It seems a huge waste of 3 sweatshirts, but if your SO has extra unworn ones or you score at the Goodwill, it gives them another great life. Can you imagine this done in cream, with gold anchor-embossed buttons for a sailor look? Or seafoam green, with pearl buttons? Or two-toned: heather gray on top with black at the waist? The options are endless…and only limited by your imagination!
Plus-don’t throw away the top parts of your sweatshirts..more tutorials on what to do with those are on the way!

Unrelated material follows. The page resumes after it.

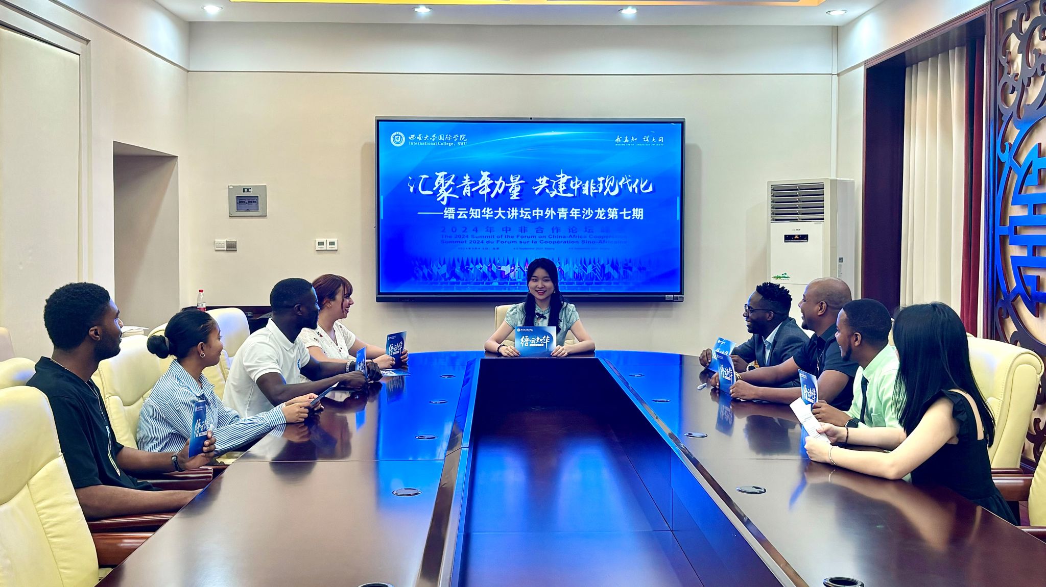 “中非友好,穿越时空。跨越山海,薪火相传”,为庆祝中非合作论坛北京峰会圆满召开,2024年9月8日下午,“缙云知华”大讲坛中外青年沙龙第七期在紫云楼一楼会议室举办,主题为“汇聚青年力量,共建非洲现代化”。8名中外青年学生代表共同参与对话,沙龙由中国研究生师晓萱主持。

For reference purposes: I am a Misses’ Small/Medium, 4/6 – I am 5’6″ tall and my measurements are 33.5 – 27 – 34.5. I used two Men’s XL sweatshirts for Part A/B – and for Part C I used an Men’s L sweatshirt.<
Cool. This is really creative. I've been brainstorming about a similar project. I have an old college sweatshirt from my dorm days. It's a zip-up hoodi, but I've never worn it.
Forget the memories- I'm trying to make fashion. The only question is what?
i love your tutorials but i'm very much a beginner…any chance you have any video tutorials??? because i want to do this stuff, but the written instructions get a little confusing at times for me! you should totally do youtube tuturials! please?????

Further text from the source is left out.